- EXERCISE DESCRIPTION: Here the job is to transcribe the data verbatim while leaving each picture out.

- INPUT DATA:
:::

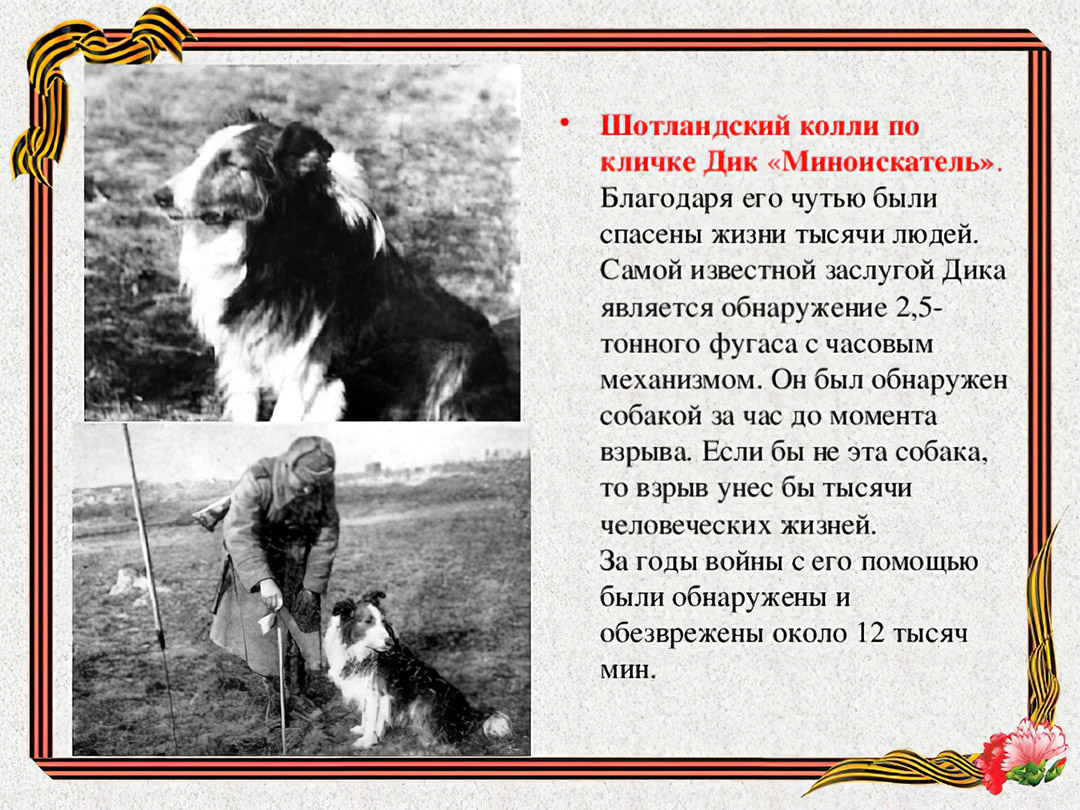 Собаки-миноискатели – эти живые радары обследовали и разминировали территорию, равную 15153 км., обнаружили и обезвредили свыше 4 миллионов мин и фугасов.
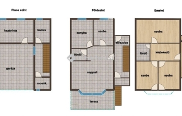 Eladó a 2/A kerületben csendes, nyugodt utcában egy 162 nm-es sorházi lakás.A telek 1004 nm, amin két lakás van, osztatlan közös tulajdon, ügyvédi használati megosztó szerződéssel.Előkert, hátsókert 220 nm, gyümölcsfákkal, teljesen elkerítve a szomszédtól.A ház alatt garázs, kazánház, mosókonyha zuhannyal, közlekedővel.A földszinten nyitott terasz, nappali, hálószoba, előszoba, konyha étkezővel, fürdőszoba WC-vel.A tetőtérben fürdőszoba WC-vel, s három külön nyíló szoba van.Műszaki jellemzők :A fűtés FÉG gázkazánnal történik, a földszinten padlófűtés, az emeleten radiátorok vannak. A melegvizet 300 literes Concept villanybojler biztosítja.A konyhában Teka páraelszívó, Whirpool 12 terítékes mosogatógép, Electrolux sütő, Gorenje gázfőzőlap biztosítja a kényelmes főzést.Az otthon külső kamerával felszerelt, riasztó, kaputelefon is van.Napkollektor csatlakozás ki van építve,Az egészséges ivóvizet beépített vízszűrő berendezés biztosítja. A házat 1990-ben építették, 2014- ben felújították.A felújítás során kicserélték a víz- és villanyvezetékeket, ajtókat ( lucfenyő ), ablakokat melyek szintén borovi fenyőből készült, kétrétegű szigeteléssel.A burkolatokat is kicserélték, felújították a padlófűtést, a ház kapott 15 cm-es kőzetgyapot szigetelést, a padláson pedig 20 cm-es ökológiai habosított papír szigetelést.A hely:Kiváló közlekedés, 10 perc sétára van a 164, 64, 257, 57 buszmegálló ,.Iskolák, rendelők, gyógyszertár, bevásárlóközpont a közelben.
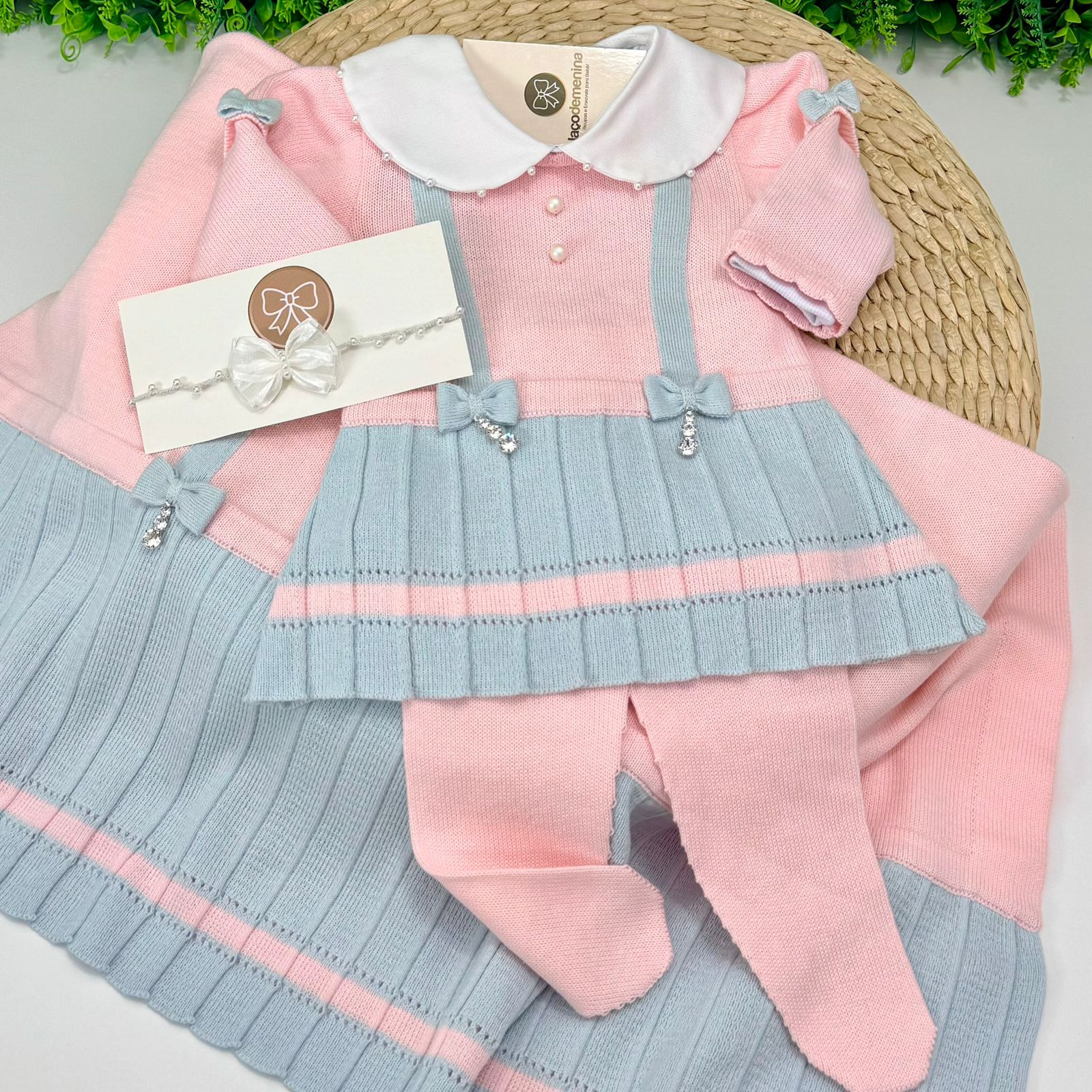 Delicada, elegante e pensada em cada detalhe, esta saída maternidade é a escolha ideal para tornar os primeiros momentos do bebê ainda mais especiais. Confeccionada em tricot macio, o conjunto traz uma combinação suave e clássica de rosa com azul, transmitindo charme e sofisticação.

:::

- EXERCISE RESPONSE:
 Собаки-миноискатели – эти живые радары обследовали и разминировали территорию, равную 15153 км., обнаружили и обезвредили свыше 4 миллионов мин и фугасов.
 Eladó a 2/A kerületben csendes, nyugodt utcában egy 162 nm-es sorházi lakás.A telek 1004 nm, amin két lakás van, osztatlan közös tulajdon, ügyvédi használati megosztó szerződéssel.Előkert, hátsókert 220 nm, gyümölcsfákkal, teljesen elkerítve a szomszédtól.A ház alatt garázs, kazánház, mosókonyha zuhannyal, közlekedővel.A földszinten nyitott terasz, nappali, hálószoba, előszoba, konyha étkezővel, fürdőszoba WC-vel.A tetőtérben fürdőszoba WC-vel, s három külön nyíló szoba van.Műszaki jellemzők :A fűtés FÉG gázkazánnal történik, a földszinten padlófűtés, az emeleten radiátorok vannak. A melegvizet 300 literes Concept villanybojler biztosítja.A konyhában Teka páraelszívó, Whirpool 12 terítékes mosogatógép, Electrolux sütő, Gorenje gázfőzőlap biztosítja a kényelmes főzést.Az otthon külső kamerával felszerelt, riasztó, kaputelefon is van.Napkollektor csatlakozás ki van építve,Az egészséges ivóvizet beépített vízszűrő berendezés biztosítja. A házat 1990-ben építették, 2014- ben felújították.A felújítás során kicserélték a víz- és villanyvezetékeket, ajtókat ( lucfenyő ), ablakokat melyek szintén borovi fenyőből készült, kétrétegű szigeteléssel.A burkolatokat is kicserélték, felújították a padlófűtést, a ház kapott 15 cm-es kőzetgyapot szigetelést, a padláson pedig 20 cm-es ökológiai habosított papír szigetelést.A hely:Kiváló közlekedés, 10 perc sétára van a 164, 64, 257, 57 buszmegálló ,.Iskolák, rendelők, gyógyszertár, bevásárlóközpont a közelben.
 Delicada, elegante e pensada em cada detalhe, esta saída maternidade é a escolha ideal para tornar os primeiros momentos do bebê ainda mais especiais. Confeccionada em tricot macio, o conjunto traz uma combinação suave e clássica de rosa com azul, transmitindo charme e sofisticação.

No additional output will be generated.